Charmander (), known as  in Japan, is a Pokémon species in Nintendo's and Game Freak's Pokémon franchise. Created by Atsuko Nishida, Charmander first appeared in the video games Pokémon Red and Blue and subsequent sequels, later appearing in various merchandise, spinoff titles, and various movies, animated and printed adaptations of the franchise. The end of a Charmander's tail is alight with a flame, and the flame's size reflects both the physical health and the emotions of the individual. It is known as the Lizard Pokemon.

Charmander is one of three 'starter' Pokémon that can be selected at the beginning of Pokémon Red and Blue, and their remakes, Pokémon FireRed and LeafGreen. In the anime, Ash acquires a Charmander early in the series, and it became one of his most used Pokémon. In the Pokémon Adventures manga, Blue receives a Charmander from his grandfather Professor Oak. Since it appeared in the Pokémon series, Charmander has received generally positive reception. Charmander first appeared in episode 11 of Pokémon Indigo League ("Charmander – The Stray Pokémon" (The Stray Pokémon – Hitokage)). In the episode, Charmander is left by its owner, Damian, and is rescued by Ash and Brock. When Damian sees how powerful Charmander is, he calls Charmander back. However, because of Damian's abuse, Charmander chooses to follow the group that saved its life, and becomes Ash's Pokémon. In the series, the narrator stated that if a Charmander's tail flame goes out, it dies. Charmander is used by Ash throughout his adventures and is seen in special episodes in the future.
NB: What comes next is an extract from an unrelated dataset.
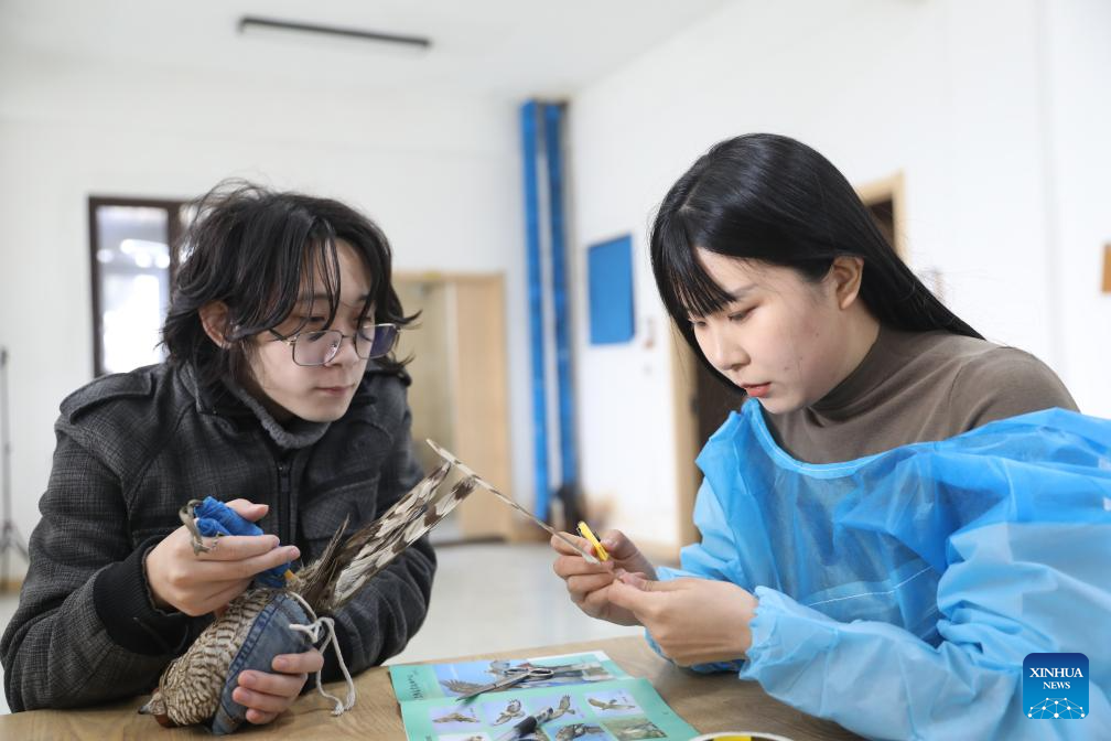 Meng Die (R) splices feathers for an injured sparrow hawk at Shenyang Raptor Rescue Center in Shenyang, northeast China's Liaoning Province, March 23, 2024. (Xinhua/Yang Qing)

Charmander evolves into Charmeleon at level 16, who then evolves into Charizard at level 36, which was originally its last form. Since the release of Pokémon X and Y, Charizard can mega evolve into 2 different types of Mega Charizard, which are Mega Charizard X or Mega Charizard Y, for the duration of a battle. This gives it temporary upgraded stats and a major damage bonus. Charmander was one of the Pokémon that survived the National Pokédex cuts introduced in Pokémon Sword and Shield in 2019.

Design and characteristics
Charmander was designed as a fire Pokémon for the first generation of Pocket Monsters games Red and Green (which were localized outside Japan as Pokémon Red and Blue) by Atsuko Nishida, who based its design on Charizard in such a way that it was difficult to tell it would have evolved into the latter Pokémon. Originally called "Hitokage" in Japanese, Nintendo decided to give the various Pokémon species "clever and descriptive names" related to their appearance or features when translating the game for western audiences as a means to make the characters more relatable to American children. As a result, the species was renamed "Charmander", a portmanteau of "char", meaning burnt, and "salamander".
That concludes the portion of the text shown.